Airmen do a 2-mile run as part of a physical training test at Fairchild Air Force Base, Wash., Oct. 29, 2024. Under revised Air Force guidance issued Jan. 6, 2026, airmen will no longer be required to complete a 2-mile run to meet fitness standards. ( Tiffany Del Oso/U.S. Air Force)
Airmen will no longer be required to complete a 2-mile run to meet fitness standards, according to updated guidance released by the Air Force this week.
Previously mandated once per year under a policy revision in September, the 2-mile run is now optional for both semiannual tests. Airmen may instead choose the high aerobic multi-shuttle run to fulfill the cardio component.
Fitness testing remains paused until the end of February to give units time to adjust to the updated standards and procedures. The upcoming diagnostic period, which begins March 1, will now end June 30 instead of Aug. 31 as previously planned.
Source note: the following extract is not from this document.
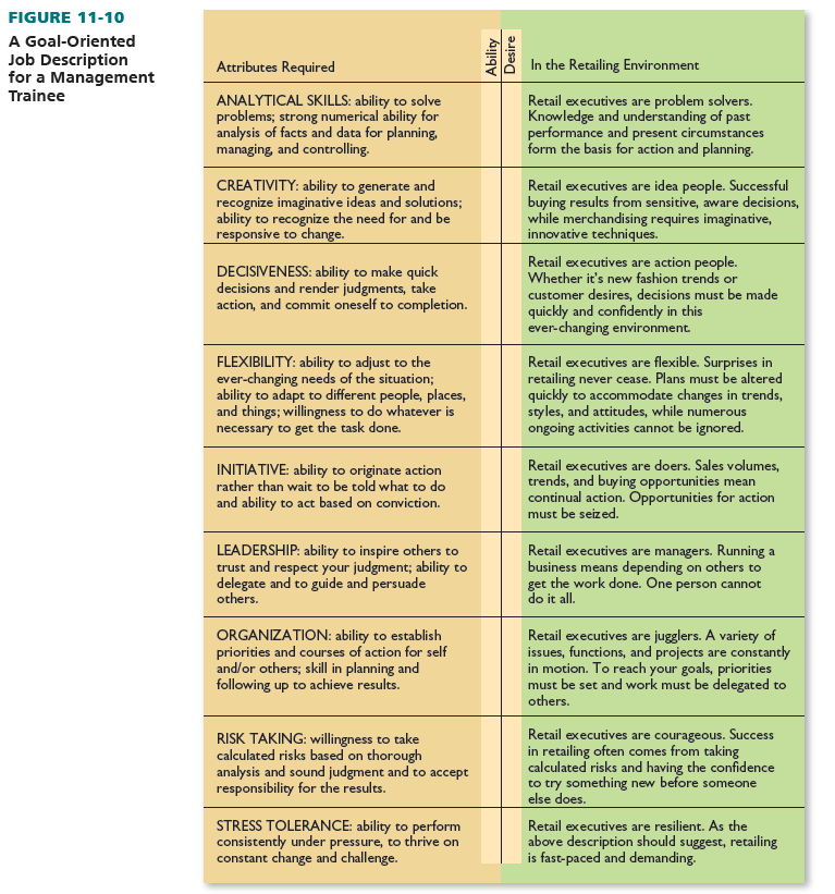 In job analysis, information is amassed on each job’s functions and requirements: duties, responsibilities, aptitude, interest, education, experience, and physical tasks. It is used to select personnel, set performance standards, and assign salaries. Thus, department managers often act as the main sales associates for their areas, oversee other sales associates, have some administrative duties, report to the store manager, are eligible for bonuses, and receive $25,000 to $45,000+ annually.

Diagnostic tests are unofficial assessments conducted under official conditions and are widely treated as practice runs. After completing one, airmen may accept the score and have it entered into their records or decline it and test again later.
The service is maintaining its shift to twice-yearly testing, regardless of score. That change, announced in September, ended a policy in place since 2010 that allowed airmen who scored 90 or above to test just once a year.
Fitness scores will begin appearing in annual performance briefs starting in February for officers and in May for enlisted members, according to the update, which was issued Tuesday.
The updates came the same day the Space Force announced changes to its own fitness program, which shares several similarities with the Air Force’s.
Unlike airmen, Space Force guardians began testing under new guidance on Jan. 1. The twice-yearly requirement applies to participants in the branch’s continuous fitness assessment program, a pilot that tracks individual fitness through wearable devices.
Guardians who joined the initial phase of the study were told they would be exempt from physical training tests for two years. Those who enrolled in the second phase, which began in October, were told they would need to complete only one test per year.
In a key difference from the Air Force’s policy, guardians must complete the 2-mile run at least once annually.
Both services fall under the Department of the Air Force. The updates are part of a broader Defense Department review of grooming and readiness standards ordered by Defense Secretary Pete Hegseth in March.